*** Material provided ***
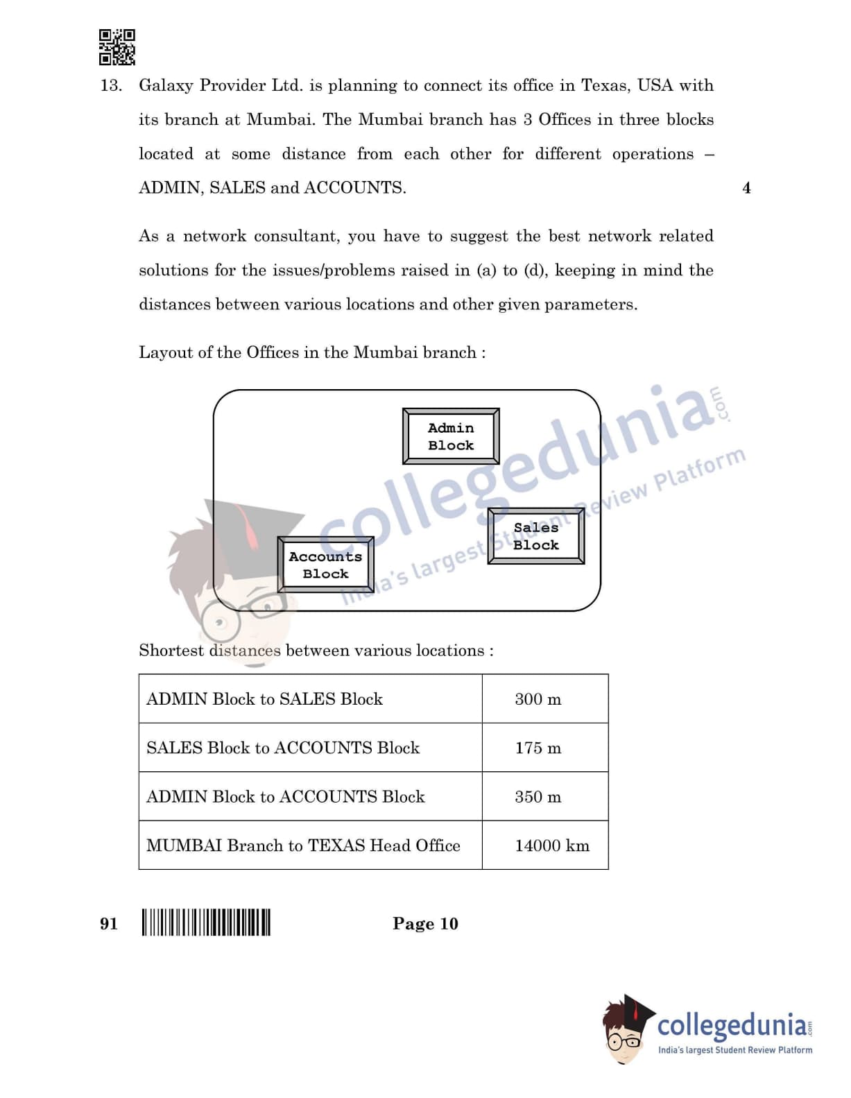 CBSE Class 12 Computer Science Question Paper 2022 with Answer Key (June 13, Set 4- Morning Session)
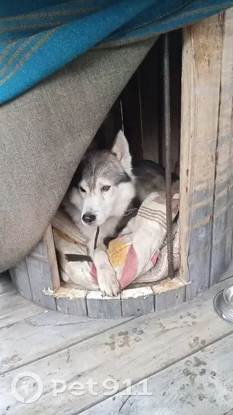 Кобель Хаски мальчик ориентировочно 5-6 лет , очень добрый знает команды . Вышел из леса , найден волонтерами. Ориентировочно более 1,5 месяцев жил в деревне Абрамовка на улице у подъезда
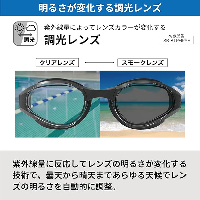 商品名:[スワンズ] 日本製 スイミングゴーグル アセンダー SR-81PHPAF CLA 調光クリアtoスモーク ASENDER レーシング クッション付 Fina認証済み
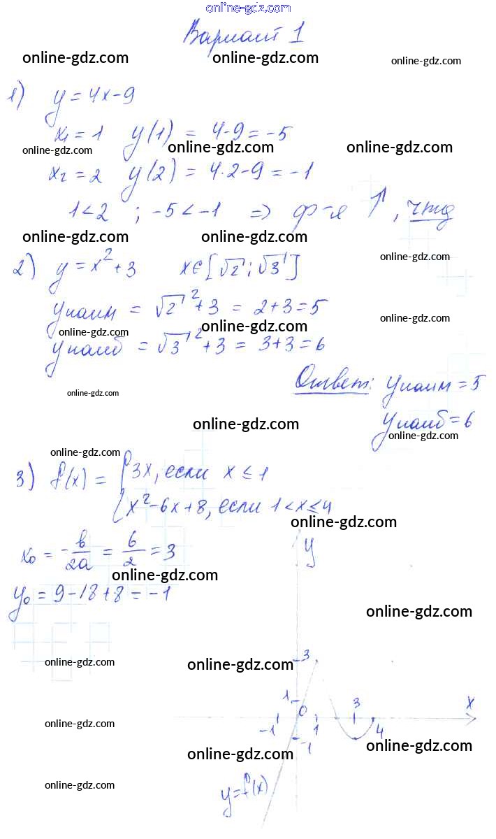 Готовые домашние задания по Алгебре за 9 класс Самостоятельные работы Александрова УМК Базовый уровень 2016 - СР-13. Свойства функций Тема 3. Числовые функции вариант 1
*** End of Material provided ***
*** Material provided ***
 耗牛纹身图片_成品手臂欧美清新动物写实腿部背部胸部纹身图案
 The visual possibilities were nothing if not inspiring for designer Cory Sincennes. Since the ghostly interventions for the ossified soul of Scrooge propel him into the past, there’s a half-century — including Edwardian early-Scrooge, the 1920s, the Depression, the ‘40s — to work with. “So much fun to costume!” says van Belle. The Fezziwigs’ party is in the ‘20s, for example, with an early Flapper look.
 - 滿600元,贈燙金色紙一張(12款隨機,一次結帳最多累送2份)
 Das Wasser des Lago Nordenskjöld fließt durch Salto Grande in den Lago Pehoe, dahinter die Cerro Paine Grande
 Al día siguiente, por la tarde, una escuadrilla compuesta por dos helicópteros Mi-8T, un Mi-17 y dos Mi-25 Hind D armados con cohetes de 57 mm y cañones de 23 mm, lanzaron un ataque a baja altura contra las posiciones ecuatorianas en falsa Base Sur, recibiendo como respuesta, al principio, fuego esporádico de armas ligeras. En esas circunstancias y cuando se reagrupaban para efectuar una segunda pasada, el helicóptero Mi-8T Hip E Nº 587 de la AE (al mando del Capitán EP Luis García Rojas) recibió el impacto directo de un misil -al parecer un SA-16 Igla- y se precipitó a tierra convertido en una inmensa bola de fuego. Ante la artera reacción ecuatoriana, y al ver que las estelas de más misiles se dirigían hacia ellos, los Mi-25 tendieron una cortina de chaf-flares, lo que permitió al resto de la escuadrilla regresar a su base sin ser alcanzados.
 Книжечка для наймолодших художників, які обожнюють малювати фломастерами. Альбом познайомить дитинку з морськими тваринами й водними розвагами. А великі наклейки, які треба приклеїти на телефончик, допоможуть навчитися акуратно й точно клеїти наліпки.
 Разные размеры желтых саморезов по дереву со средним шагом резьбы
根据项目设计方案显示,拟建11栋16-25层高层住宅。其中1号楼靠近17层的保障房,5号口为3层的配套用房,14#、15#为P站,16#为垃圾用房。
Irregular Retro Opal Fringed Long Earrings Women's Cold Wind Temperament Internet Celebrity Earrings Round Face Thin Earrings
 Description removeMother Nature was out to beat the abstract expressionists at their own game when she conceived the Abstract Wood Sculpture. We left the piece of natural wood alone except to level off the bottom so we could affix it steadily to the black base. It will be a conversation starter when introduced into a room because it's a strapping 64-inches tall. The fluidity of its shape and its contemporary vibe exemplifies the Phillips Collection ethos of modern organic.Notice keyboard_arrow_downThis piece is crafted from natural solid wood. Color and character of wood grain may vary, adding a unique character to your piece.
*** End of Material provided ***
*** Material provided ***
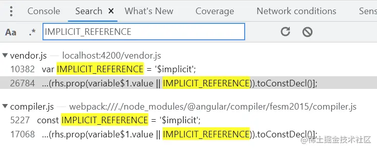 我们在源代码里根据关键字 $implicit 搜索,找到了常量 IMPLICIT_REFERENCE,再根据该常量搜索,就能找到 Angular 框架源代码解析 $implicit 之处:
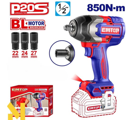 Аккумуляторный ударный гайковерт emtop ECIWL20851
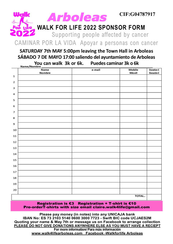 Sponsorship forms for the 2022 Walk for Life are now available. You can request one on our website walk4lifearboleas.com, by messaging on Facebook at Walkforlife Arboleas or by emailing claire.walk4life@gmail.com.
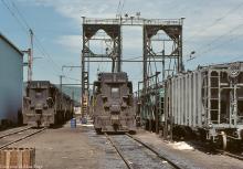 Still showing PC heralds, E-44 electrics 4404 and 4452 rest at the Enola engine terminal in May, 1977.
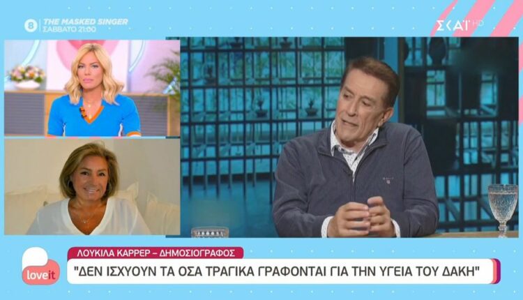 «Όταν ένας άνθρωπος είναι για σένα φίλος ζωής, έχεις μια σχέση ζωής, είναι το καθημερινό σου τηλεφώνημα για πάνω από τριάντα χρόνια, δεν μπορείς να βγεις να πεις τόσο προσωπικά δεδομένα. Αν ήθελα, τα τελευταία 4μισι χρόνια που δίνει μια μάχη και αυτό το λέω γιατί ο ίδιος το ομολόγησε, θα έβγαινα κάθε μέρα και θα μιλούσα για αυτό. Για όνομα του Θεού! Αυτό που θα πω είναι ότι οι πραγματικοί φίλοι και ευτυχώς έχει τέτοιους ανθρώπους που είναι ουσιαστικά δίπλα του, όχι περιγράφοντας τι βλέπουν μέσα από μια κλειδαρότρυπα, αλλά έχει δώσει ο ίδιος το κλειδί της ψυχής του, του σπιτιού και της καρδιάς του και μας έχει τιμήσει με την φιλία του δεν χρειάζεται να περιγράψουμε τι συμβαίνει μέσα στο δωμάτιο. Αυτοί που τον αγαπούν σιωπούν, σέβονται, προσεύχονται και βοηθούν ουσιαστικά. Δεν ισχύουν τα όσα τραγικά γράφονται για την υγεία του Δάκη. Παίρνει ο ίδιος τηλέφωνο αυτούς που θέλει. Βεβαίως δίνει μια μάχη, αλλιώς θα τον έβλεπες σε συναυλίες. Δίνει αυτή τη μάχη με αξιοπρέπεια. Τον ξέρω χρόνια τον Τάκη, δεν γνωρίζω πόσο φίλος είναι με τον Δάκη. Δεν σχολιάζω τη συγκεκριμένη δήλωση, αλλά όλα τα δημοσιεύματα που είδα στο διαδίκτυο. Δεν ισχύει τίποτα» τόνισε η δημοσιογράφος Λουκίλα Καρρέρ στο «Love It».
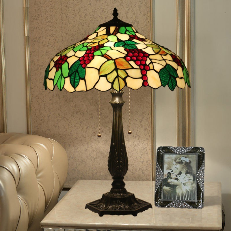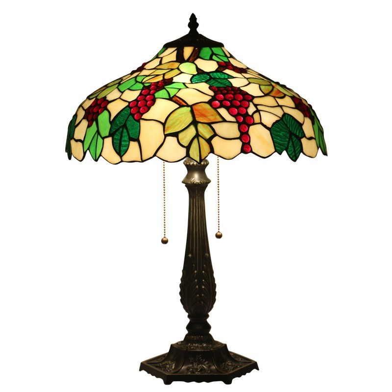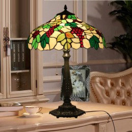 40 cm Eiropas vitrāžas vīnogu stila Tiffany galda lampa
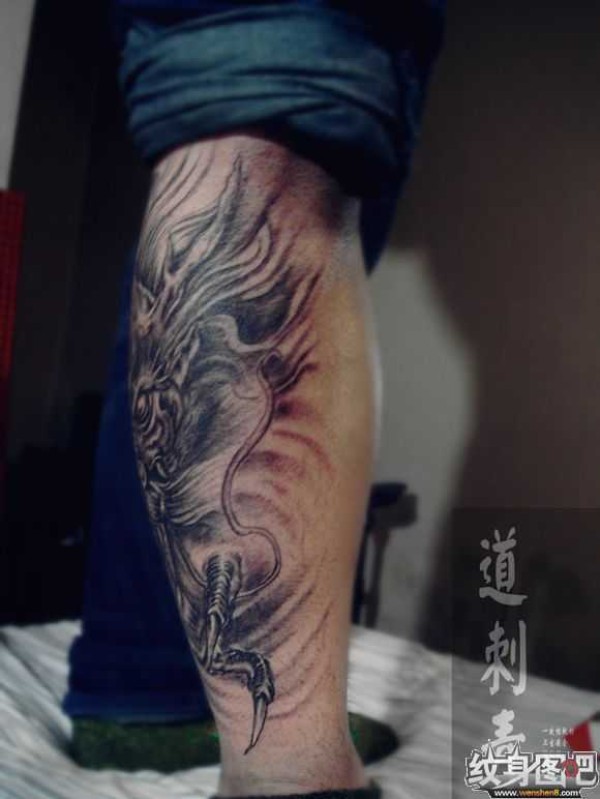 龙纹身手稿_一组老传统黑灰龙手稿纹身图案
*** End of Material provided ***
Return the lines above from the one with "Кобель Хаски мальчик" through the one with "Готовые домашние задания", verbatim and nothing else. Omit every picture.

Response for this exercise:
 Кобель Хаски мальчик ориентировочно 5-6 лет , очень добрый знает команды . Вышел из леса , найден волонтерами. Ориентировочно более 1,5 месяцев жил в деревне Абрамовка на улице у подъезда
 商品名:[スワンズ] 日本製 スイミングゴーグル アセンダー SR-81PHPAF CLA 調光クリアtoスモーク ASENDER レーシング クッション付 Fina認証済み
 Готовые домашние задания по Алгебре за 9 класс Самостоятельные работы Александрова УМК Базовый уровень 2016 - СР-13. Свойства функций Тема 3. Числовые функции вариант 1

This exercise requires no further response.